Timbuktu Manuscripts and Africa’s Renaissance

Timbuktu manuscripts, Mali

In an area called Timbuktu in Mali, scholarship (that is formalised learning and teaching) was established around 1300, which is about 10 000 years ago. Scholars produced 700 000 manuscripts about art, medicine, philosophy, science and religion. Ahmed Baba, born in 1556 is the most known scholar and the Ahmed Baba Institute was named after him.

The manuscripts were written in African languages which was translated to Arabic. Some were written in Arabic. They were kept by families but also at centres of learning. 

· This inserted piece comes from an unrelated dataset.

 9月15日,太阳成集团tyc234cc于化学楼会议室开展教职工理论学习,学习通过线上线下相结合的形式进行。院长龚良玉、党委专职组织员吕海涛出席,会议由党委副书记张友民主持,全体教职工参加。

The Baba Institute was rebuilt in 2003 with funding from the Government of South Africa through a project led by then President Mbeki who linked the revival to the African renaissance. “The manuscripts of Timbuktu are a living testimony of the highly advanced and refined civilization in Sub-Sahara Africa. Before the European Renaissance, Timbuktu flourished as the greatest academic and commercial center in Africa. Great empires such as Ghana, Mali, and Songhai were proofs of the talents, creativity and ingenuity of the African people. The University of Timbuktu produced both Black African scholars and leaders of the highest rank, character and nobility…..Culture is an integral part of development efforts on the continent. Consequently, it is essential to protect and effectively utilise indigenous knowledge that represents a major dimension of the continent’s culture, and to share this knowledge for the benefit of humankind.” (Mbeki, 2003).

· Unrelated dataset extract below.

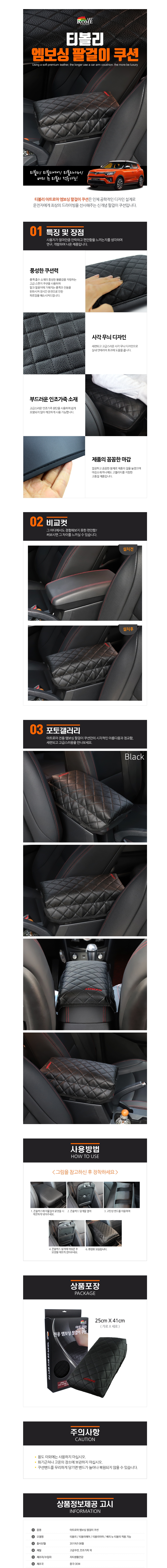 티볼리아머 엠보싱 팔걸이 쿠션 블랙 차량용 콘솔쿠션

In a clear exhibition of colonial knowledge, the Oxford Dictionary and many other English dictionaries define Timbuktu as ‘a place that is unreachable’!

Library

South Africa-Mali Collaboration

“In 2009, the new building of the Ahmed Baba Institute of Higher Learning and Islamic Research (IHERI-AB) was officially opened. It is the product of a bilateral agreement between the South African and Malian governments, which began in 2001, after former South African president, Thabo Mbeki’s visit to Timbuktu. The building is one of several conditions of the agreement, all of which aim to promote the conservation, research and promotion of the manuscripts as African heritage. The new building not only contains state-of-the-art resources for the proper storage and preservation of the manuscripts but also has facilities for researchers, including conference rooms and a lecture theatre, a library and accommodation for researchers from abroad…..During the 2012 crisis, the new IHERI-AB building in Timbuktu was occupied by the insurgents. However, the majority of the manuscripts had not been transferred to the new location and were still housed in the old Institute building. It was those manuscripts, an estimated 20 000, which were removed from Timbuktu and smuggled to Bamako, where they are found to this day. In the new building, much of the costly equipment for digitisation and conservation was destroyed and stolen during the ten-month occupation. In addition, an estimated 4 000 manuscripts which were in located in the digitisation and conservation rooms were also lost or stolen, their fate uncertain to this day. Luckily, the majority of the manuscripts housed in the new building were kept securely in the basement storage, and they were thus spared the same fate, and are today still conserved in this building, effectively constituting a split collection between Bamako and Timbuktu.”

Timbuktu and the African Renaissance

According to Thabo Mbei, former South African President, the renaissance is when African worldviews, economies, society and technologies become the pillars of African society again. Mbeki is credited with this theory. Mbeki (2004), in a popular speech titled I am an African, said

Whatever the setbacks of the moment, nothing can stop us now!

Whatever the difficulties, Africa shall be at peace!

However improbable it may sound to the sceptics, Africa will prosper!

Whoever we may be, whatever our immediate interest, however much we carry baggage from our past, however much we have been caught by the fashion of cynicism and loss of faith in the capacity of the people, let us err today and say – nothing can stop us now!

The renaissance is about:

  • revival of African identity (including African history, philosophy etc)
  • regeneration of self-confidence (including confidence in African knowledge)
  • reconfiguration of governance and global engagement and development to end poverty
  • rebirth of African politics and conflict resolution
  • revitalisation of culture
  • replacement of unjust systems and arrangements
  • reimagining a democracy that is still representative and maintains accountability but is suited to Africa

The renaissance idea has been praised but many but others see it as an ambitious theory. Valuing Timbuktu and the manuscripts is a major contribution to the Renaissance.